The Secretary shall cause Minutes to be duly entered in the books kept for the purpose, of all appointments of officers, and of all resolutions and proceedings of meetings. Such Minutes, if purporting to be signed by the Chairman of the meeting or by the Chairperson of the next meeting, shall be conclusive evidence of the matters stated in those minutes.
11. ALTERATION OF RULES:
These Rules may be altered, added to, replaced, or rescinded at any General Meeting of the Association, notice of such meeting to contain a copy of the proposed amendment, provided that no alteration, addition, replacement or rescission or any other amendment to these Rules shall be made which is inconsistent with the charitable nature of the Association.

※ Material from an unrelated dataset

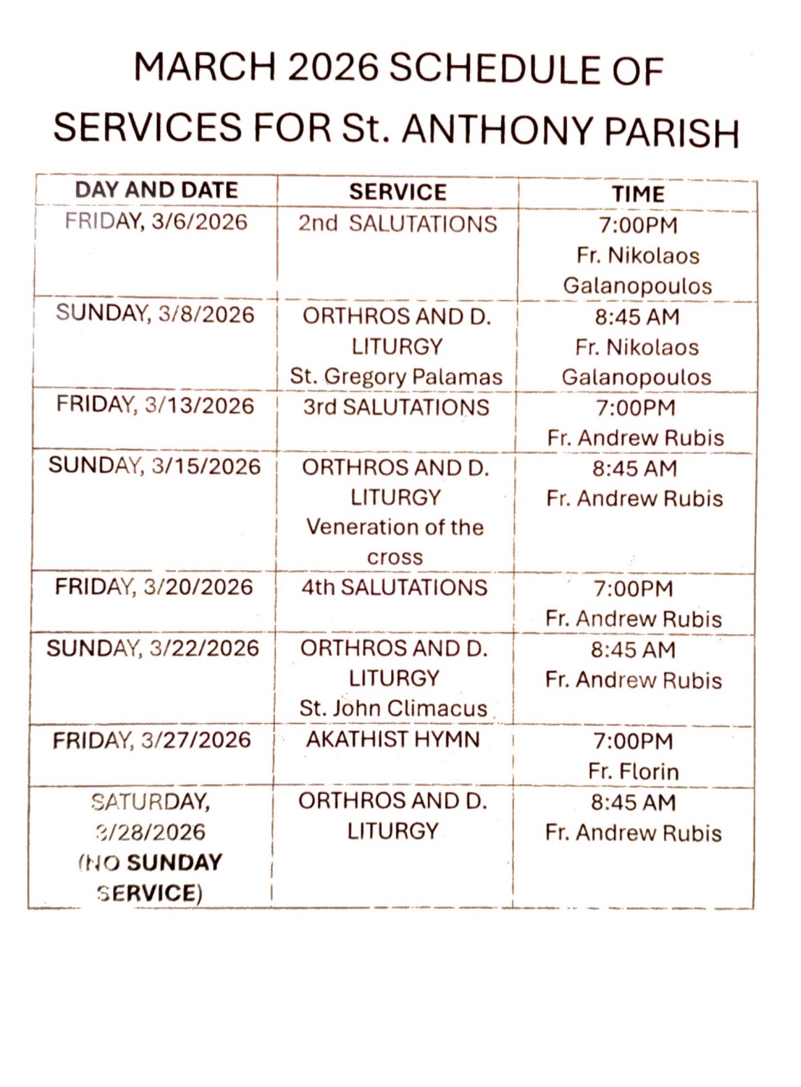 • Orthros (Matins) is celebrated at 8:30am-10:00am.

a) Each financial year of the Association shall commence on the 1st April.
b) All monies received shall be paid to the credit of the Association at such bank as the Executive shall from time to time appoint, and cheques on the bank account and other negotiable instruments shall be signed by any two authorised members of the Executive.
13. REGISTERED OFFICE:
The Registered Office of the Association shall be as fixed from time to time by the Association.
14. WINDING UP:
a) The Association may be wound up or dissolved in any of the ways provided in the Incorporated Societies Act 1908.
b) In the even of a winding up or dissolution of the Association, a Special General Meeting of the Association shall be called. The Association shall then proceed forthwith to decide how the surplus assets shall be distributed, with assets going to one or more organisations that have purposes that are charitable according to New Zealand Law, and shall, as near as possible, resemble the objectives of the Association. A resolution under this rule as to the disposal of surplus assets must be passed by a majority of two thirds of the members present. In the event of the Special General Meeting being unable to pass a resolution required by the provisions of this rule, the provisions of Section 27 of the Incorporated Societies Act 1908 shall apply.
15. COMMON SEAL:
The Association shall have a Common Seal which shall be kept in safe custody by the Secretary and shall only be used by resolution of the Association, and every instrument to which the Seal is affixed shall be signed by two members of the Executive of the Association.
This Constitution was last amended at the NZRA Annual General Meeting in July 2009.